Bibliography must be found at the end of the document. There are basically
two ways of dealing with bibliography:

1. Manual: you simply type in the text (Weiner et al. 2022) and then place
    the corresponding bibliographic entry at the end of the document. This
    is easier in the very, very short run.

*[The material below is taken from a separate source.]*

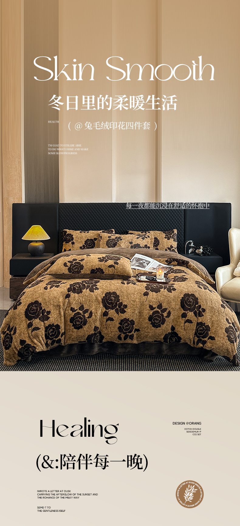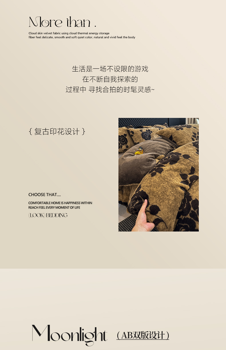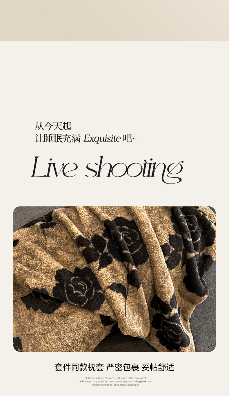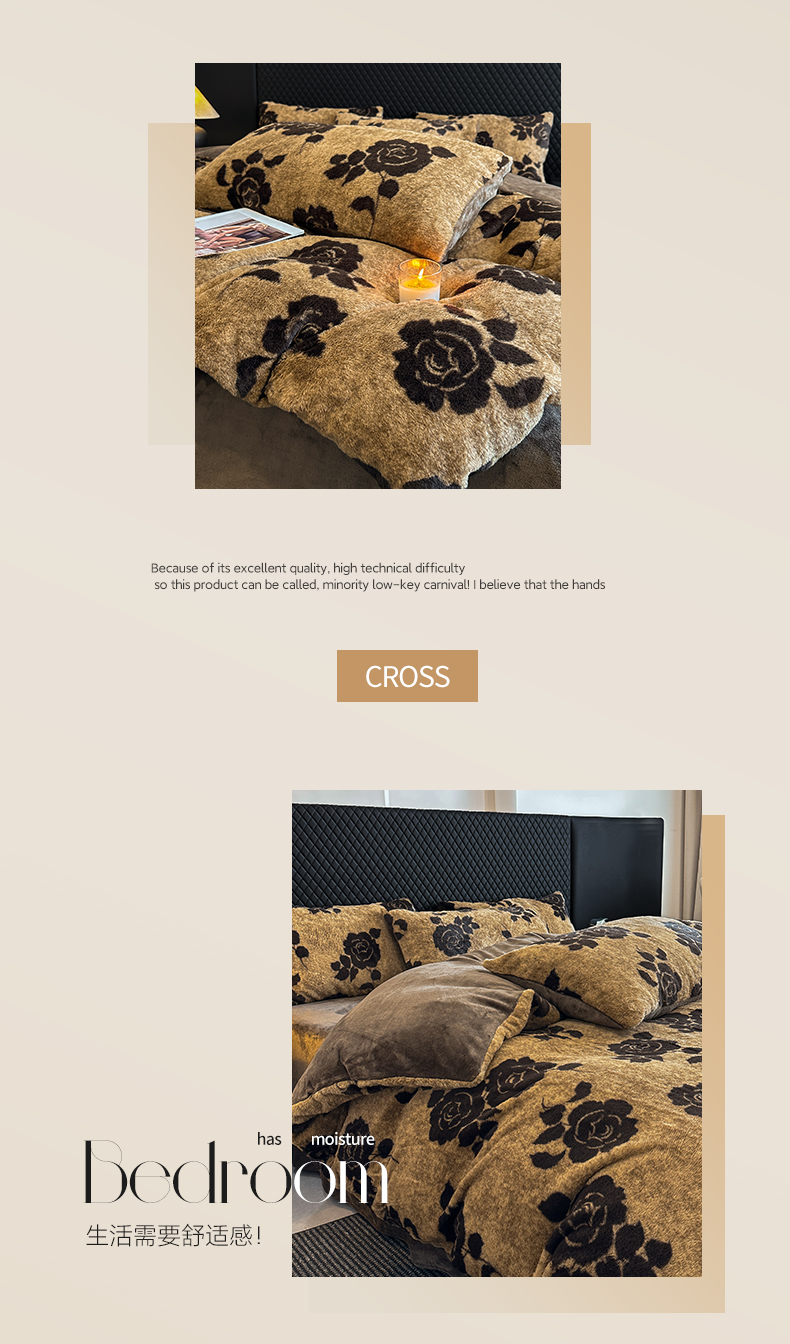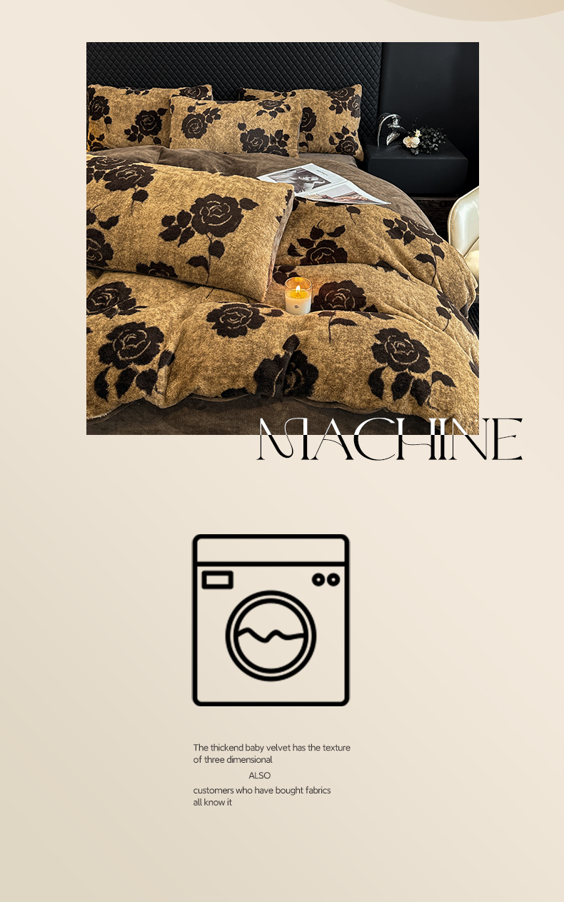 商品名称:民新家纺 2025新款兔毛绒印花简约款四件套 简约款-爱意玫瑰咖
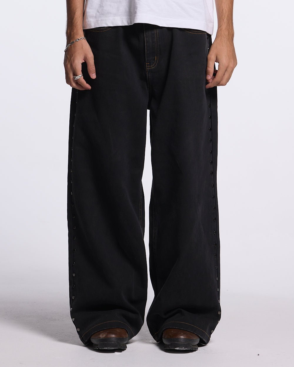 Color negro con tachuelas metálicas a lo largo de las costuras laterales.

2. Use a bibliography manager. This is easy in Rmarkdown (it is also
    possible in Jupyter)

---

## Adding bibliography (in Rmarkdown)

1. Create a new text file called "bibliography.bib". You can do that in
    Rstudio for some OS (simply create a new .R file, but save it as
    "bibliography.bib"). In other OS (notably Windows), you might need to
    create an empty text file and then rename it to "bibliography.bib".
 2. Open the bibliography.bib file in Rstudio or a text editor. Go to
    google scholar and search for a paper on an interesting topic (whatever
    comes to your mind. If you don't know what, look for the paper by
    Watson and Crick on DNA structure).
 3. Click on the citation icon `"`, and then on "BibTex". Copy the contents
    to your newly created bibliography file and save it. Note what the
    identifier of the article is (something like `watson1953structure`).
 4. In your markdown file, add the line `bibliography: bibliography.bib` to
    the header. 
 5. In the body of the markdown file, add somewhere the citation:
    `[@watson1953structure]`. Knit the document and look at the output.
 6. What happens if you use `@watson1953structure` (without brackets),
    `[-@watson1953structure]` or `[@watson1953structure; page 1]`?
 7. Go to [https://www.zotero.org/styles](https://www.zotero.org/styles) and search
    for the citation style of "Nature".
    Download it to your working directory. To the markdown header add the
    line `csl: nature.csl` (or whatever the file is called). Knit and look
    at the output.

---

## Adding bibliography (in Jupyter)

This seems not to be very straightforward. If you do not to make manual
references, please start with reading 
[this documentation](https://nbviewer.org/github/ipython/nbconvert-examples/blob/master/citations/Tutorial.ipynb)
and [this answer](https://stackoverflow.com/questions/30061902/how-to-handle-citations-in-ipython-notebook) from StackOverflow.

---

## Homework: Rmarkdown analysis of the iris data set

* Follow the instructions from the practicals to generate an Rmarkdown
   file with the analysis of the iris data set. 
 * Add short comments for each step, indicating what the step is doing.
 * Make sure the Rmd file can be knitted.
 * Submit the Rmd file (only the Rmd file) as your homework.

Alternatively, use Jupyter Notebook:

* Create a new Jupyter Notebook
 * As above: repeat the steps from the practicals
 * Add short comments for each step, indicating what the step is doing.
 * Submit your ipynb file as your homework.